In my scepticism, I lean towards the latter: for now, the term ‘New Scot’ is firmly in the hands of academic researchers, Scottish Government strategists and SNP loyalists, and not in use by migrants and their descendants in Scotland. The term itself points towards an unhealthy drive to include all migrants under one banner, washing over differences in migration experiences when it comes to language, culture, gender and class. It should be obvious that an English immigrant who joins Scotland’s charity industry has a very different experience of migration than a hospitality worker from Poland, a Deliveroo driver from Tunisia, a nail polisher from Vietnam. But ‘New Scot’ encourages us to assume that all of them share something by the nature of their migration, being equally welcomed and included in an open and diverse Scotland, forgetting that different migrants from different backgrounds receive very different levels of welcome even in a comparably welcoming Scotland.

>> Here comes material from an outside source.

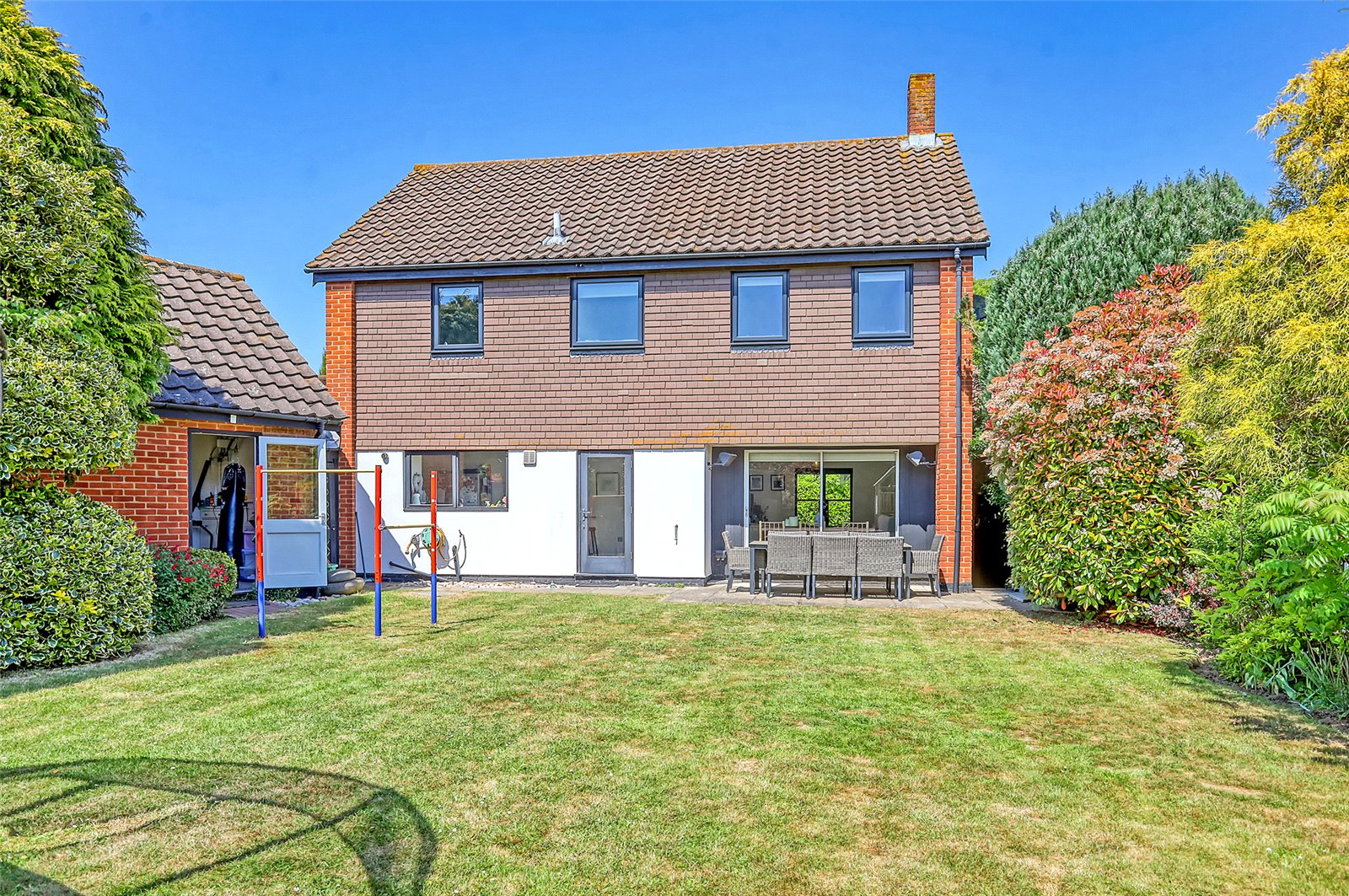 Double width garage with up and over door. Light and power. Half glazed door to garden. Large loft storage area. (Agents note: the garage is currently divided into two rooms, a storage area and home gymnasium which could also be used as a home office/business).

In the end, understanding the shortcomings of ‘New Scot’ is helpful to grasp the limited nature of the civic nationalism to which the concept is tied. Just as Scottish civic nationalism is obviously preferable to ethnic nationalism, ‘New Scot’ is not something to be condemned where it informs an inclusionary strategy that guides the work to welcome refugees done by government and charities like the Scottish Refugee Council. But just as ‘New Scot’ misses out on articulating crucial migrant experiences, civic nationalism in its universalist political culture cannot capture and articulate the vastly different cultural backgrounds of the Scottish nation, and drives us towards an artificial, abstract form of unity that has surprisingly little to say on the struggles both New and Old Scots face across the country.
Devine, T. M. (Ed.). (2018). New Scots: Scotland’s Immigrant Communities since 1945. Edinburgh University Press.
Topçu, Ö., Bota, A., & Pham, K. (2012). Wir neuen Deutschen. Wer wir sind, was wir wollen, Rowohlt, Hamburg.
Quan Nguyen is a philosophy currently teaching at Edinburgh University.